I was thinking about the hum-SI and wondering if I could make a mobile unit to take down to the local dams, etc, to find out where the fish are and structure, etc. then I could mount on a boat if I ever get one. Think it could work? Small floating device with it mounted? Just a thought.
Ski


Posted using Outdoor Hub Campfire


----------



## leeabu (Apr 10, 2004)

This will work only if you have a way of rotating the transducer. There must be movement to scan and display objects.


----------



## MassillonBuckeye (May 3, 2010)

Google transducer Towfish. You'd need longer cables but you could mount the transducer to something you then sit out and drag across the water.. Or an RC boat? lol. The wireless technologies are coming along.. Not quite to where I'd need them for opt in but.. For simple depth or something you do do one of these.

http://shop.vexilar.com/en/sonarphone-1


----------



## Fishingisfun (Jul 19, 2012)

ski said:


> I was thinking about the hum-SI and wondering if I could make a mobile unit to take down to the local dams, etc, to find out where the fish are and structure, etc. then I could mount on a boat if I ever get one.

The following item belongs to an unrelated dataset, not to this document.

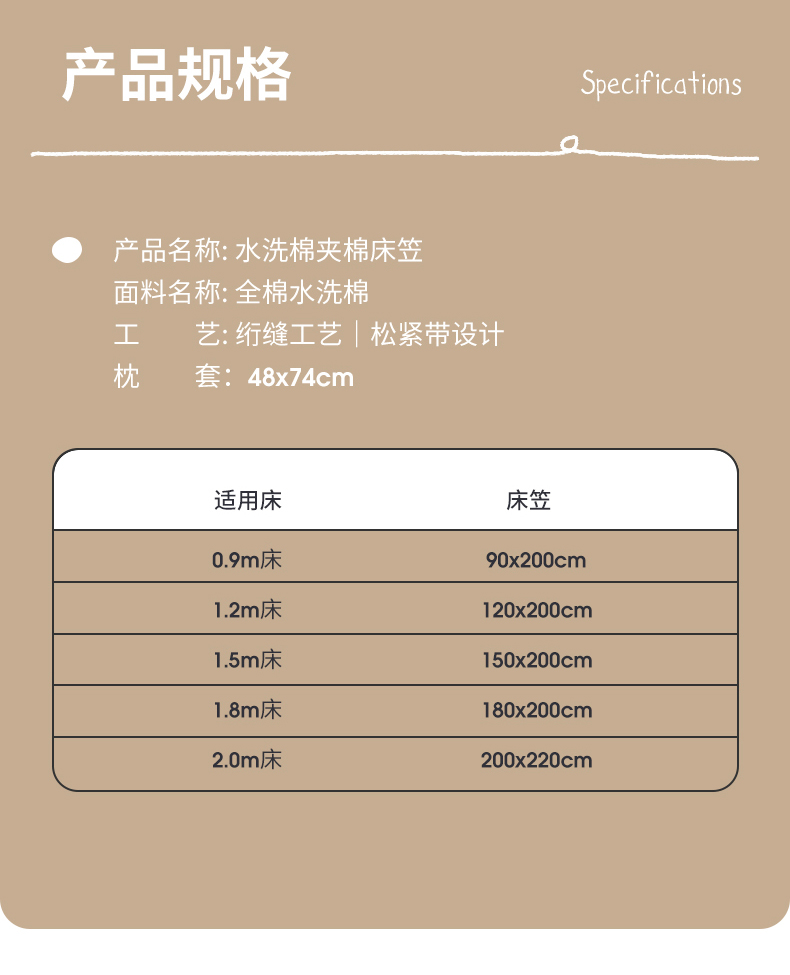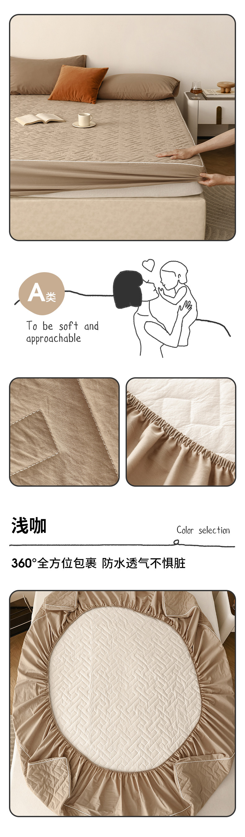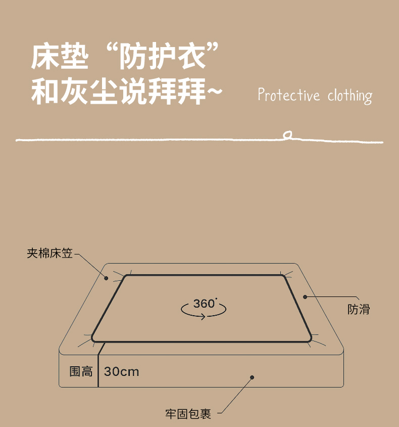 商品名称:万盛家纺 2023新款全棉40支水洗棉防水夹棉床笠 浅咖
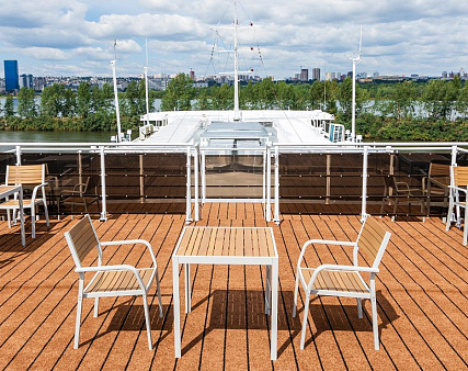 Площадь — 17,7 м2. Однокомнатная каюта с удобствами (душ, санузел, кондиционер) рассчитана на размещение до трех человек.

Think it could work? Small floating device with it mounted? Just a thought.
> Ski
> 
> 
> Posted using Outdoor Hub Campfire


Saw on the local news a short while back where a remote controlled boat was used to image a pond bottom to find a missing person in the Columbus area. The missing vehicle with driver was found. Answered questions for the family about their missing son. The technology was a fish finder on an RC boat which ran a grid on the water. I don't remember the details but it was wireless I believe. I think it was an HB unit. The ability to see bottom structure could be worth the effort and expense.


----------